CS8803-DSL: Domain Specific Languages for High Performance Computing
CRN-93621
This course will empower students to design and implement Domain-Specific programming Languages (DSLs) to solve problems in High-Performance Computing (HPC) contexts. Students will learn basics of compiler construction and language design as it relates to the challenges of high-performance computing and performance engineering. The course will cover topics such as architectural modelling, optimization techniques, and program analysis, through the context of contemorary DSLs and research in the field.

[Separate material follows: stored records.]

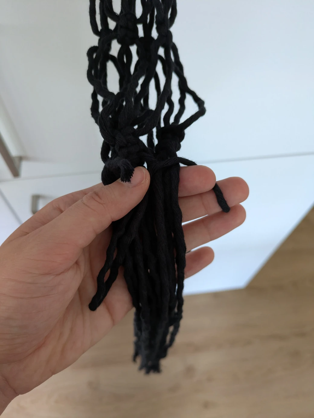 Now you can cut all the threads of the hanging basket to the desired length and, if preferred, comb them out. Your first hand-knotted hanging basket is complete.
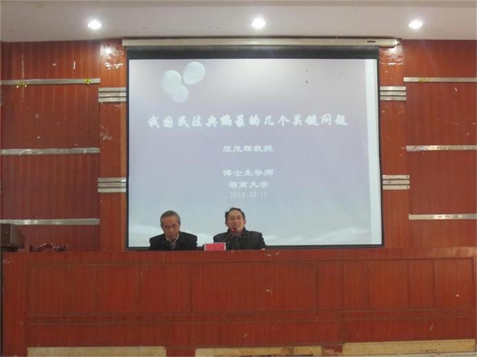 讲座之前,谭主任详细介绍了本次讲座的主讲人屈茂辉教授,在大家热烈的掌声中,屈茂辉教授开始了讲座活动。在党的十八届三中全会上,编纂民法典已正式提上日程,这标志着我国法制的进一步完善,也是让无数民法专家学者欣喜的事情。但在同时,民法典编纂将面临的问题也引人思考。本次讲座,屈茂辉教授就编纂民法典的几个关键性问题谈了自己的学术看法。在讲座中,屈茂辉教授主要谈了民法典的定位,中国民法典的构建和我国民法典编纂面临的技术困境三个问题。他指出,法典是实行法制的必要形式,这也是法制发展的必然结果,我国民法典在编纂时应结合我国的国情,与时俱进,并且顺应世界经济全球化,多元化的发展趋势。同时,他还提议,我国应设立民法典的起草委员会,以便民法典编纂事宜的高效进行。屈茂辉教授的讲座紧扣主题,并延伸了许多深层次的学术知识,引发在场的学生的思考,不少学生现场就自己的疑问、看法提出问题,屈教授也一一详细的回答。活动最后,谭主任做总结发言,他首先对屈茂辉教授的到来表示感谢,并鼓励在场学生应积极主动的思考,多研究相关的热点问题,以便学以致用,完善自我。最后,讲座活动在大家热烈的掌声中圆满结束。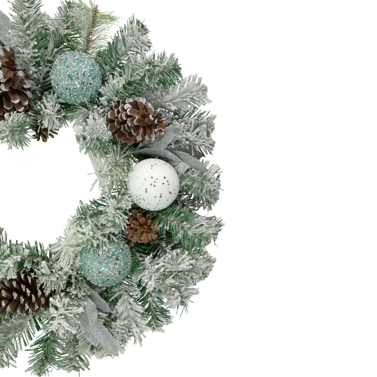 Designed with assorted sized teal and silver ball ornaments with silver leaves

It is my hope that any student taking the course will leave with the skills to build compilers to solve programming problems in their own HPC research areas. The course will be project-focused, with a few assignments and a final project to design and implement a DSL for some HPC problem.
Learning Objectives
By the end of this course, students will be able to:
- Measure and analyze the performance of compilers and HPC programs.
- Design and implement languages to capture concepts in data/scientific domains.
- Embed/integrate DSLs within existing programming languages and frameworks.
- Adapt languages to model and target HPC architectures.
- Apply optimization techniques to improve the performance of generated programs.
- Communicate technical concepts to build your career in academic contexts.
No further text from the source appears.